* _Data segment_:
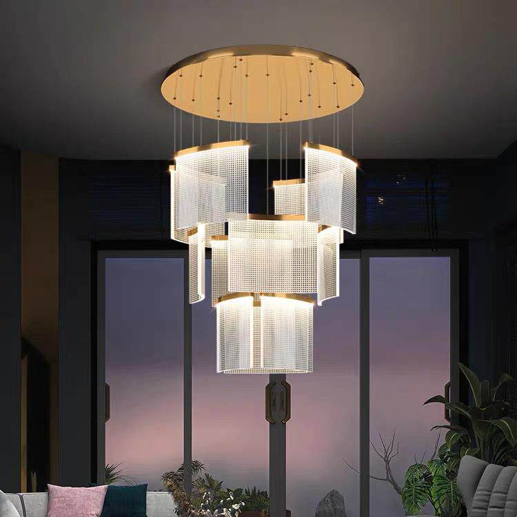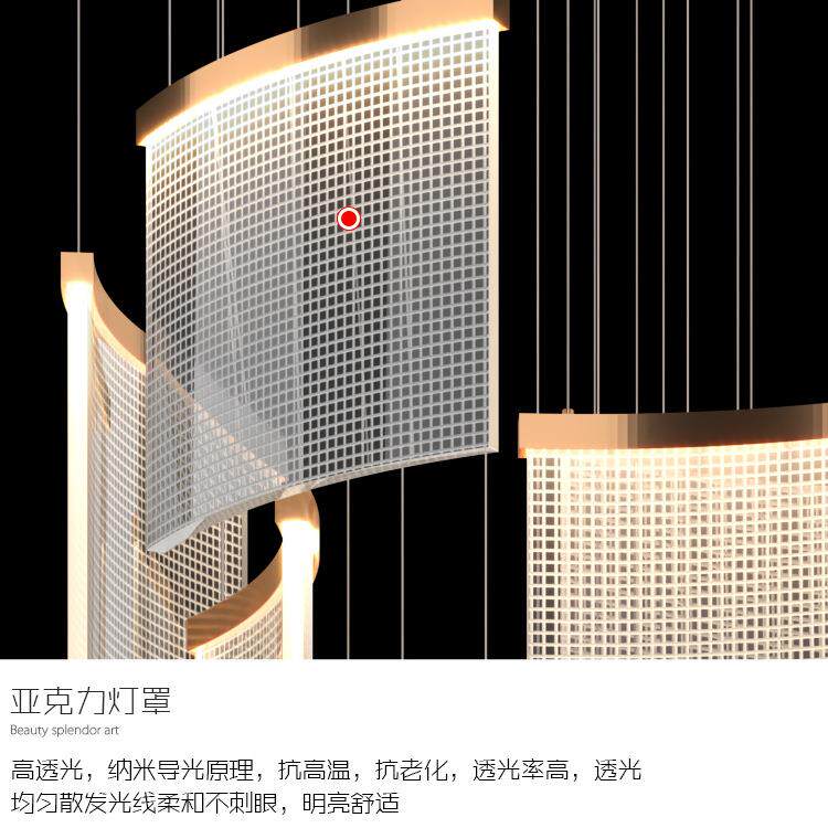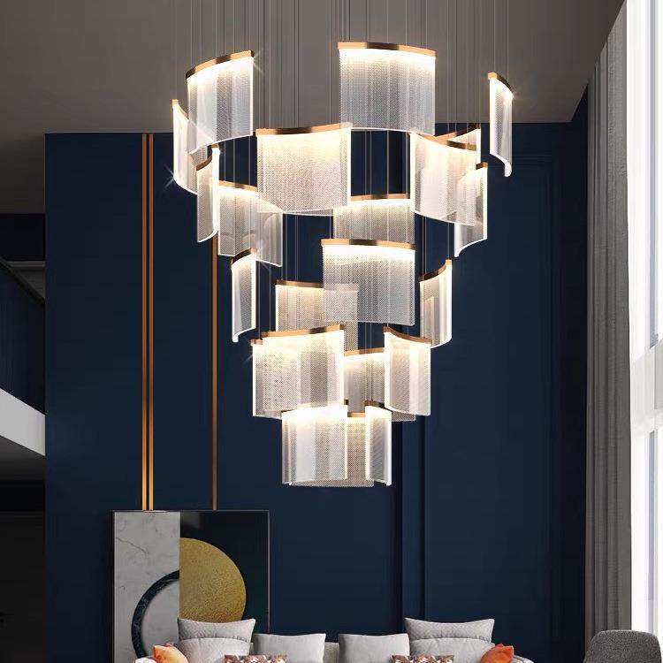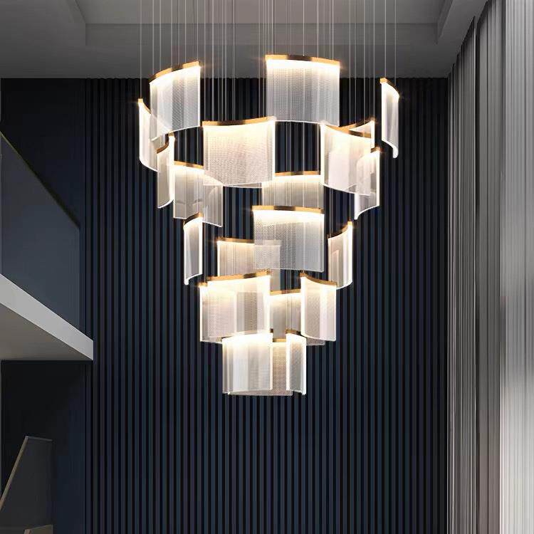 复式楼大吊灯现代简约大气客厅酒店大堂售楼部轻奢瓦片楼梯长吊灯
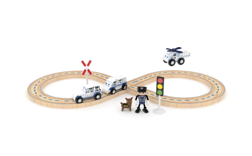 J`adore je rad vzdelávacích hračiek pre najmenších, vyrobených z ekologicky udržateľného dreva, bez chemikálií. Produkt stimuluje detskú fantáziu. Set je vhodný pre deti od 3 rokov. Set obsahuje koľaje a 4 vozidlá v policajnom dizajne.
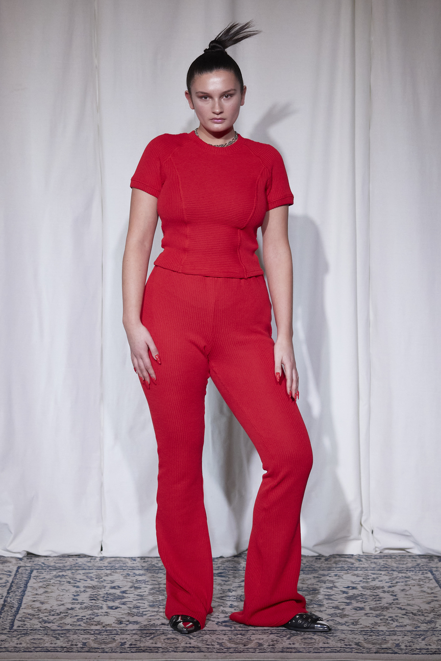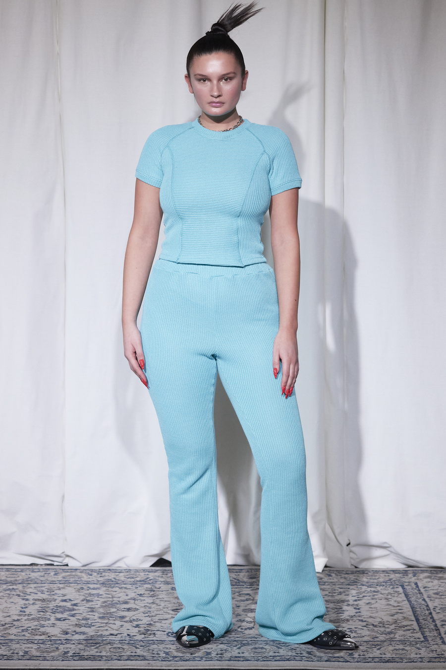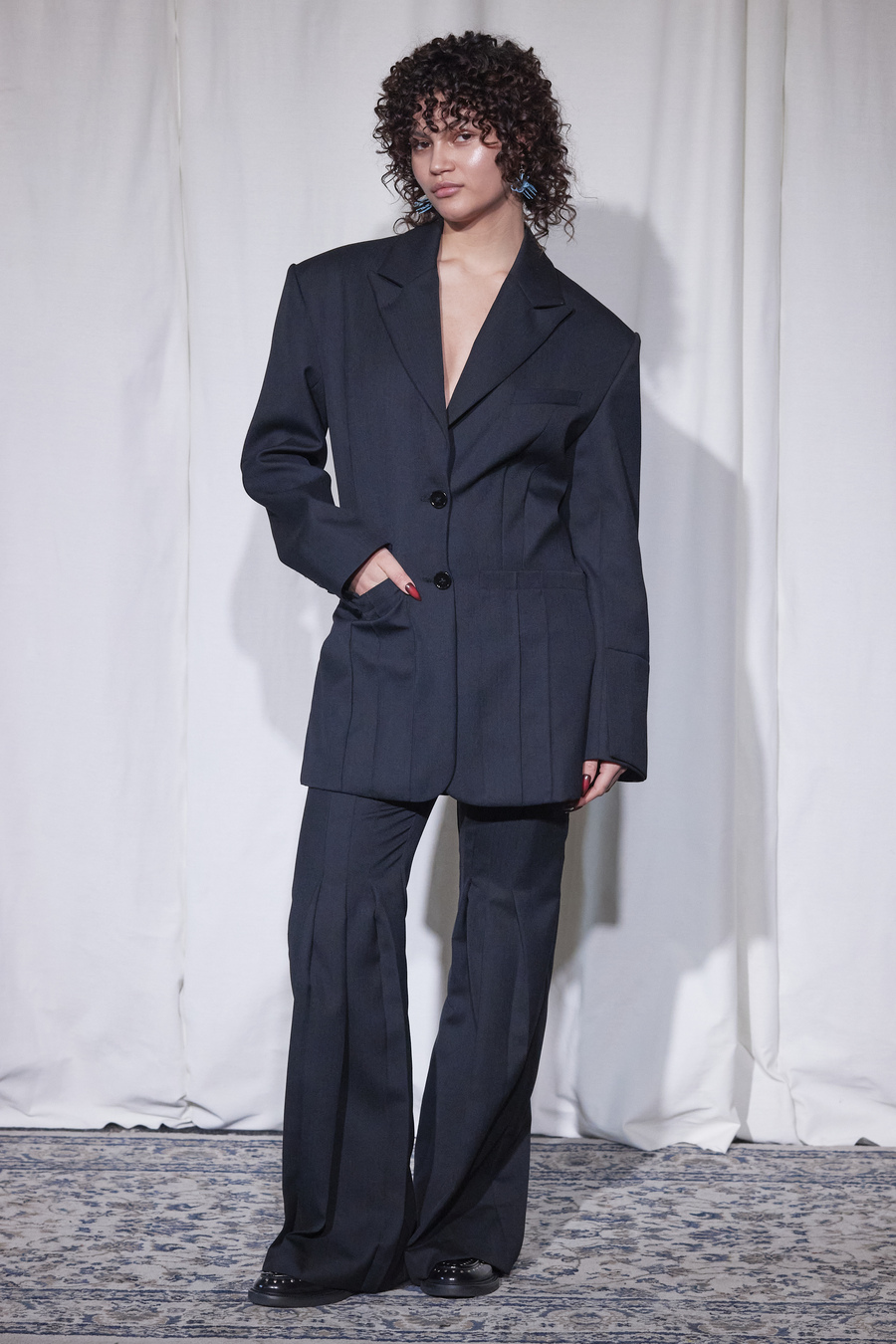 But it’s not just the textiles that have us swooning. RAY CHU’s penchant for 3D printing brings sculptural, organic shapes to life, inspired by the intricate structures of the Blue Cypress. This play on form results in bold, artistic designs that also maintain a sense of fluidity. Picture this: sequin pinstripes, colourful vegan leather, and effortlessly chic co-ord sets with a playful edge. CHU’s signature style is alive and well, only this time, it’s elevated to new heights with tailored suiting and sophisticated silhouettes.
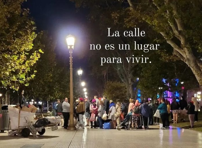La imagen que ilustra este artículo, se produce en la noche y no es de una fila de personas para ingresar a un cine, es gente que va en busca de un plato de comida caliente frente a la Catedral de Buenos Aires, a pocos metros de la Casa Rosada, sede de la Presidencia en la Plaza de Mayo. Comida que reparte la ONG Red Solidaria entre personas sin recursos.

* _Aim of the exercise_:
With the pictures omitted, copy exactly the lines from the line that contains "But it’s not" through the end of the material.

* _Response_:
 But it’s not just the textiles that have us swooning. RAY CHU’s penchant for 3D printing brings sculptural, organic shapes to life, inspired by the intricate structures of the Blue Cypress. This play on form results in bold, artistic designs that also maintain a sense of fluidity. Picture this: sequin pinstripes, colourful vegan leather, and effortlessly chic co-ord sets with a playful edge. CHU’s signature style is alive and well, only this time, it’s elevated to new heights with tailored suiting and sophisticated silhouettes.
La imagen que ilustra este artículo, se produce en la noche y no es de una fila de personas para ingresar a un cine, es gente que va en busca de un plato de comida caliente frente a la Catedral de Buenos Aires, a pocos metros de la Casa Rosada, sede de la Presidencia en la Plaza de Mayo. Comida que reparte la ONG Red Solidaria entre personas sin recursos.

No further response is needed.